*Data below:*

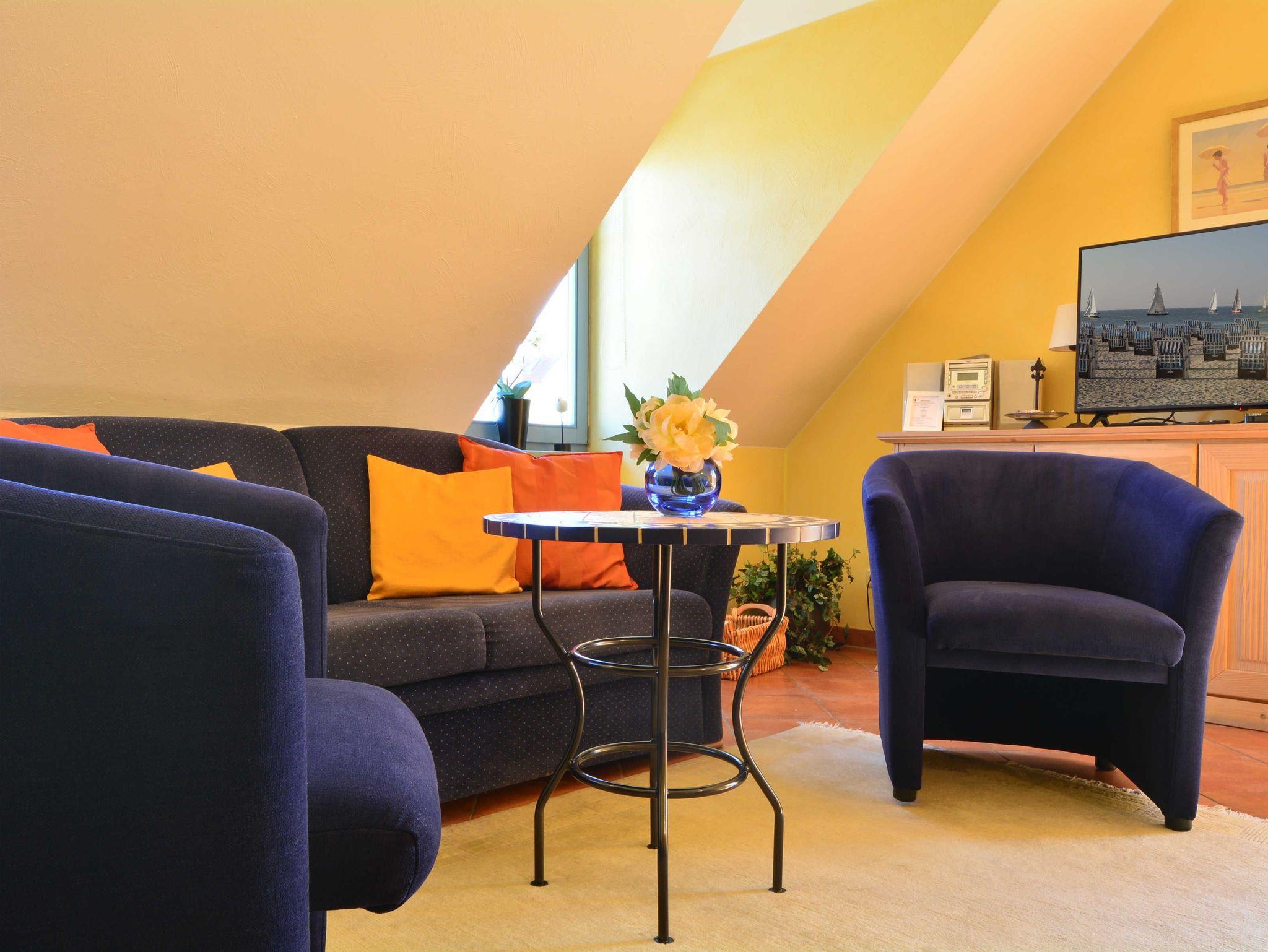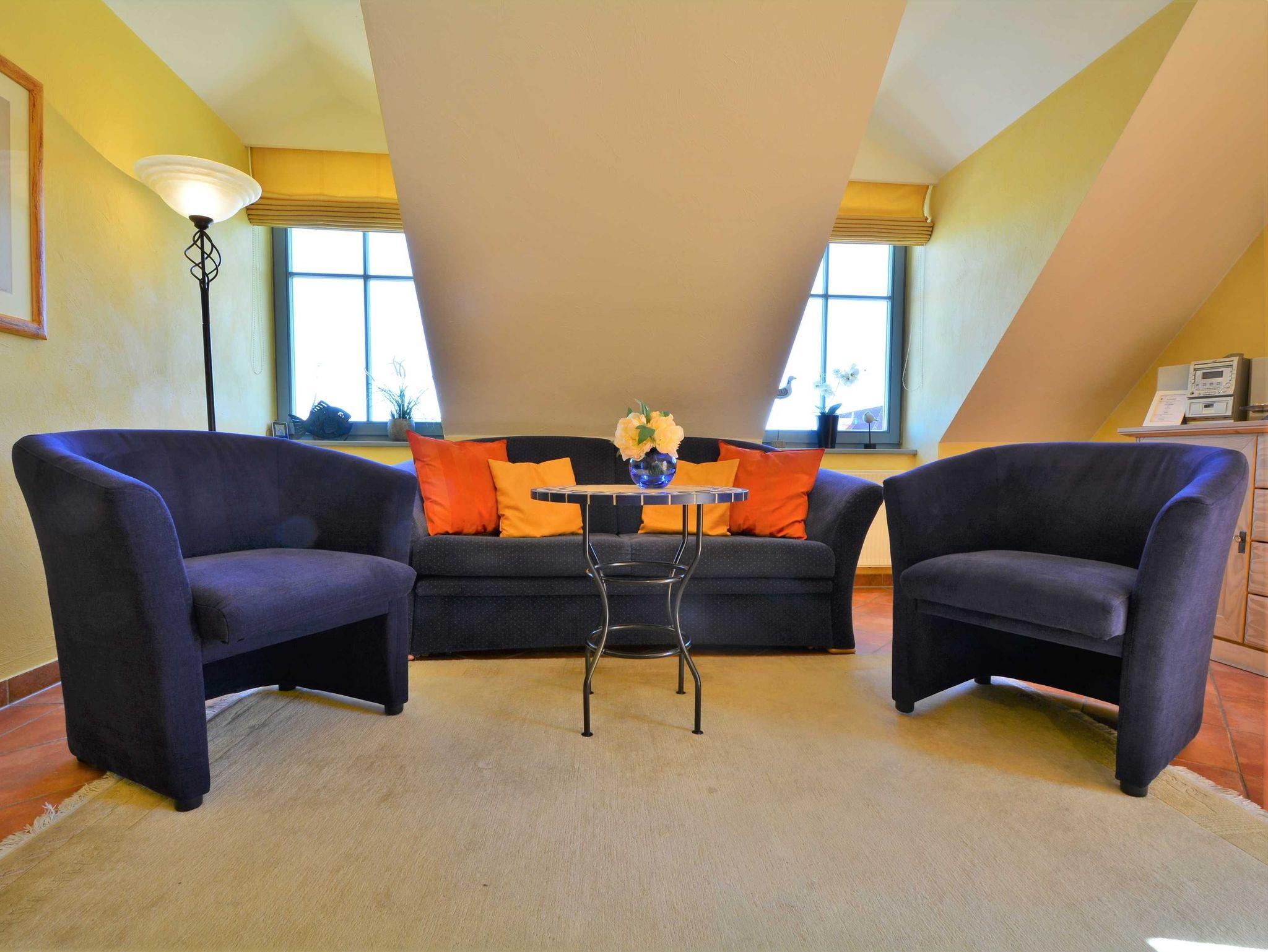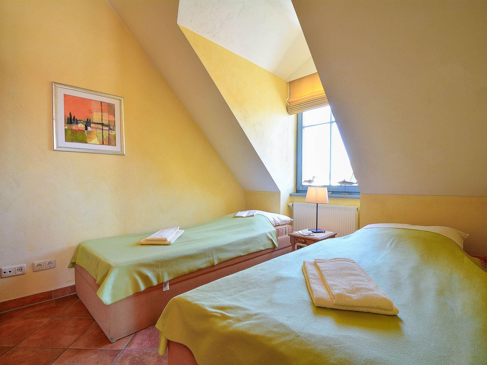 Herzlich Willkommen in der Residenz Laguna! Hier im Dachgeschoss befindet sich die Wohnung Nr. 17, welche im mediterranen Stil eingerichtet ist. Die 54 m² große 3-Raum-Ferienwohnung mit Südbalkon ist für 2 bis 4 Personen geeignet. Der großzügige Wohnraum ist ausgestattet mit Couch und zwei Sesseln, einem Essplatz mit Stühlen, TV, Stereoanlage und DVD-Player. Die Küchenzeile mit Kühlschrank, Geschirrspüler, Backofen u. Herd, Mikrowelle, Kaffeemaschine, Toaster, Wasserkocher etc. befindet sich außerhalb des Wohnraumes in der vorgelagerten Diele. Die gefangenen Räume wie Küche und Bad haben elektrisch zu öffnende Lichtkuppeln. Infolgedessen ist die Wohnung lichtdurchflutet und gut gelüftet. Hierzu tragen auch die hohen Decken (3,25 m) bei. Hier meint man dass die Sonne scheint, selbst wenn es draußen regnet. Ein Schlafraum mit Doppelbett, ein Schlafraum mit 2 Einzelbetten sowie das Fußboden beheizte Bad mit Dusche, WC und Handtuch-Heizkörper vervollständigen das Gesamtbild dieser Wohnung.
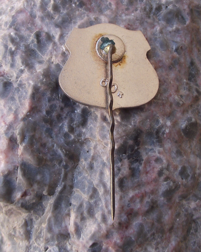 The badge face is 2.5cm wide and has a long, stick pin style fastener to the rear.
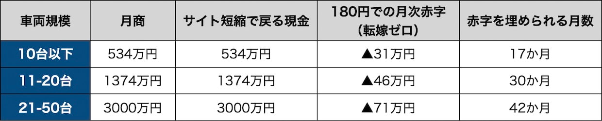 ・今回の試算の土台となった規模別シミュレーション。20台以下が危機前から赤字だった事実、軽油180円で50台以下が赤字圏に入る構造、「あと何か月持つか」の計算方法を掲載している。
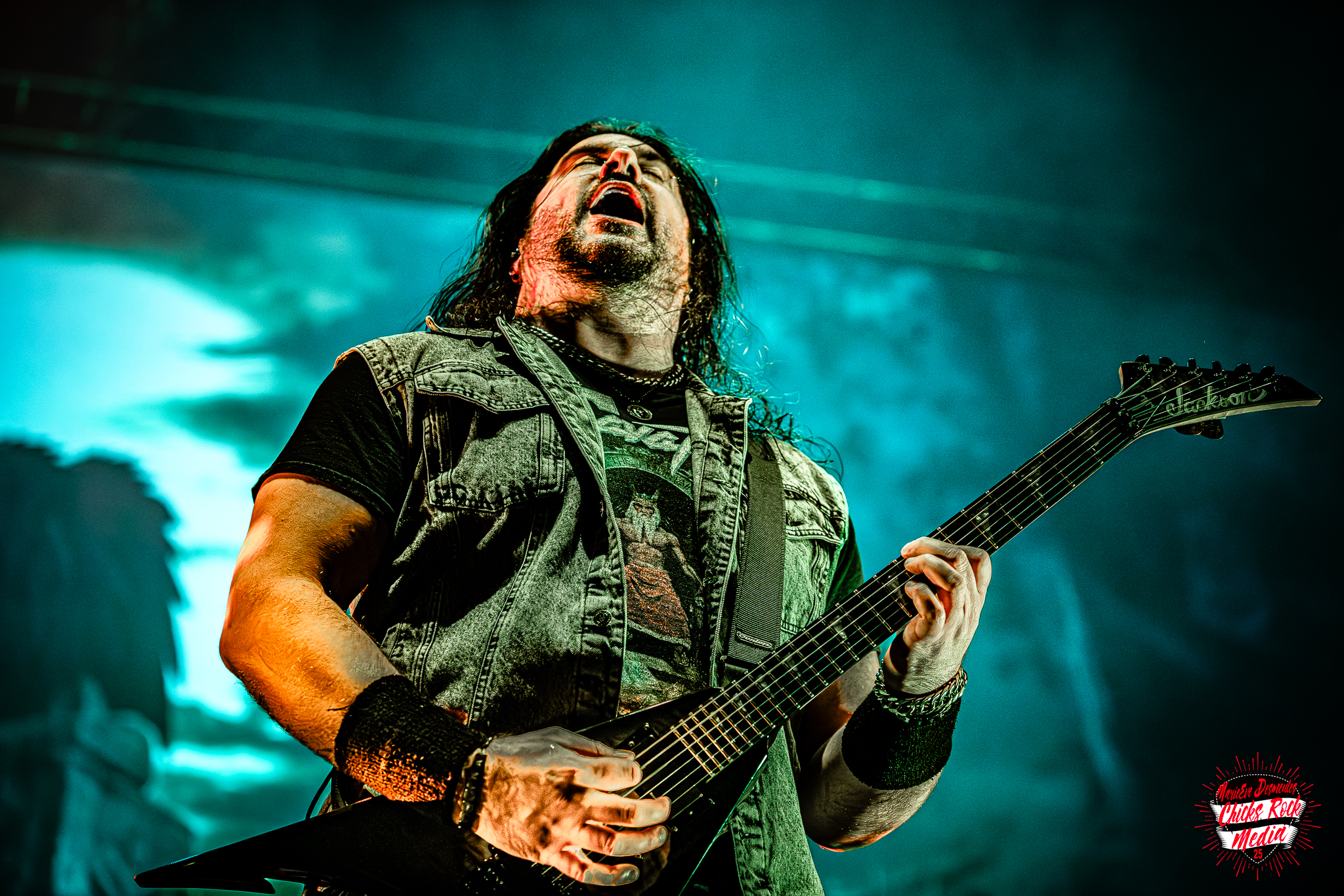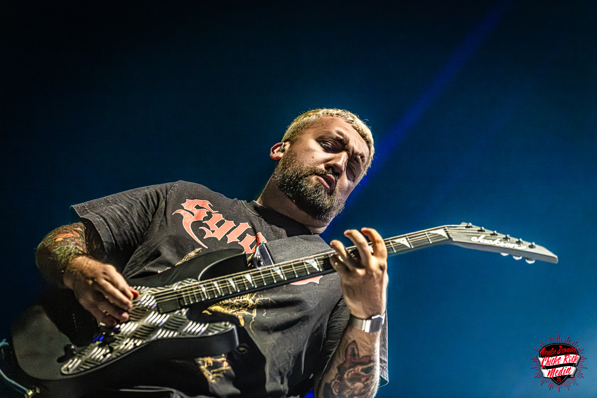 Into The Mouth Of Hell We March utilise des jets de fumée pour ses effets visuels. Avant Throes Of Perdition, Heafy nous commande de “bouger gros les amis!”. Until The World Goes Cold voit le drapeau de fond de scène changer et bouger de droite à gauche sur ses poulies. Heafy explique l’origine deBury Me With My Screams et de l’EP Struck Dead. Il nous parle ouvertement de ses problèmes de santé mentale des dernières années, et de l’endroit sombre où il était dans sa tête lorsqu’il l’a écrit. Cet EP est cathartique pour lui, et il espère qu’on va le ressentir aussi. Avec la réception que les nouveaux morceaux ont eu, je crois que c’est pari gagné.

*Exercise aim:* Word for word, restate the lines from the line containing "The badge face" through the end of the data, including the first and last of them. Pictures stay out.

*Result of the task:*
 The badge face is 2.5cm wide and has a long, stick pin style fastener to the rear.
 ・今回の試算の土台となった規模別シミュレーション。20台以下が危機前から赤字だった事実、軽油180円で50台以下が赤字圏に入る構造、「あと何か月持つか」の計算方法を掲載している。
 Into The Mouth Of Hell We March utilise des jets de fumée pour ses effets visuels. Avant Throes Of Perdition, Heafy nous commande de “bouger gros les amis!”. Until The World Goes Cold voit le drapeau de fond de scène changer et bouger de droite à gauche sur ses poulies. Heafy explique l’origine deBury Me With My Screams et de l’EP Struck Dead. Il nous parle ouvertement de ses problèmes de santé mentale des dernières années, et de l’endroit sombre où il était dans sa tête lorsqu’il l’a écrit. Cet EP est cathartique pour lui, et il espère qu’on va le ressentir aussi. Avec la réception que les nouveaux morceaux ont eu, je crois que c’est pari gagné.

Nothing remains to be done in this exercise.